Most mortgage lenders spend enormous amounts of money trying to find borrowers. UWM lets mortgage brokers do that work. So by focusing exclusively on the broker channel, the company can originate more loans with a leaner cost structure, giving it a competitive advantage when industry volumes are weak and competition is intense.
That strategy appears to be paying off, as the company’s purchase-market share has continued to expand.
In Q1, 2026, UWM originated $44.9 billion in mortgages, up from $32.4 billion during the same period last year. The company also generated $170.4 million in net income, a significant improvement from a net loss of $247 million in Q1, 2025.
Of course, the question remains: Can UWM continue growing if mortgage rates remain stuck near current levels?
One reason for optimism is scale.
Leveraging scale
Mortgage lending is a highly competitive business, and elevated rates have reduced overall industry volumes. That often creates a difficult environment for smaller lenders, which have to spread fixed costs across fewer loans.

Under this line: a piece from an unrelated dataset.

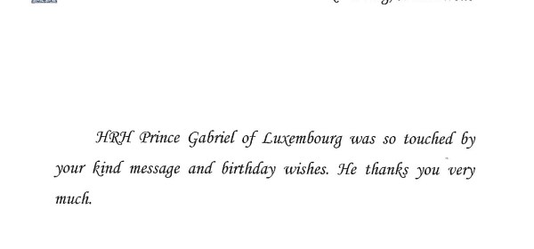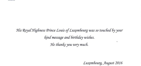Royal response from His Royal Highness Prince Louis of Luxembourg on the occasion his 30th birthday. Born Louis Xavier Marie Guillaume on 3rd August 1986

UWM, however, benefits from being the nation’s largest mortgage lender. The company can leverage its scale, technology platform, and broker network to process large loan volumes more efficiently than many of its competitors. And that advantage has helped support margins.
In Q1, UWM reported a gain margin of 123 basis points, compared with 94 basis points a year earlier. Gain margin measures how much profit a lender earns when originating and selling a mortgage. Higher margins can help offset weaker industry volumes.
Of course, there are risks. UWM carries a significant amount of debt, which can become a bigger concern if the housing market remains weak for an extended period.